I still get cold, but this is really great preparation for Everest. I think that while we focus on the altitude acclimation, the cold acclimation is a big part of success on 8000 meter peaks too. Better acclimation to cold means doing the little things like tying boots, taking pictures, clipping safety lines, just a little more efficiently because you are less affected by the temperature than a lesser cold acclimated person. 

In Pakistan in 2009 I felt that the actual temperature was kind of irrelevant most of the time. If it was cold, I put on more clothing. If I was hot, I took off layers, my hood, or unzipped my jacket. Since there is less atmosphere the temperature swings seem more dramatic. At camp two, at 20,300 feet in the dark in the morning my -50°F boots did not warm my feet up very fast, yet in my tent the day before I would be laying there shirtless hiding from the sun!
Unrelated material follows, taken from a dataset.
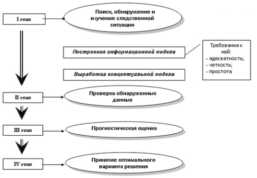 Следственная ситуация как разновидность проблемной ситуации характеризует взаимодействие следователя и его окружения, а также психическое состояние, присущее личности следователя, включенной в объективную и противоречивую по своему содержанию среду. Осознание какого - либо противоречия в процессе следственной деятельности (например, невозможность установления лица, совершившего преступление, трудности в проведении отдельных следственных действий и т.п.) приводят к появлению потребности в новых знаниях, в том неизвестном, которое бы позволило разрешить возникшее противоречие. Несколько упрощая можно сказать, что следственная ситуация, являясь проблемной по своей сущности, - это ситуация, требующая вмешательства следователя, принятия им решения, призванного воздействовать на условия расследования уголовного преступления. Такая ситуация всегда находиться у истоков принятия решения на проведение следственных действий. И здесь большое значение приобретает психологический анализ следственных ситуаций, который осуществляется через ряд определенных взаимосвязанных стадий.

However, when you are preparing for below zero temperatures, 55°F seems like a hot day on the beach. 

The one thing I have been doing is going gloveless a lot more often than a sane person would in these temperatures. I even run with snowballs in my hands when the temperatures are in the 20s and 30s. My hands could easily mean the difference between life and death. Making sure that my body can adjust to cold weather and keep my hands dexterous and thawed at all times could mean success, or "failure" in the strictest sense of making it to the top or not.

People on focus on the material preparation, or the aerobic and strength preparation, but it seems few give any thought to longer term metabolic or circulation changes, like running with snowballs in my hands. I would drink antifreeze if it would not kill me and I thought it would make my body able to operate at -40°F wearing only a tee shirt and jeans. Extreme, I know, but the point is by moving the baselines in which I am comfortable and safe, what was deadly is now tolerable. Let's face it, Pheidippides probably died because he hadn't trained well enough. I don't intend to make a similar mistake.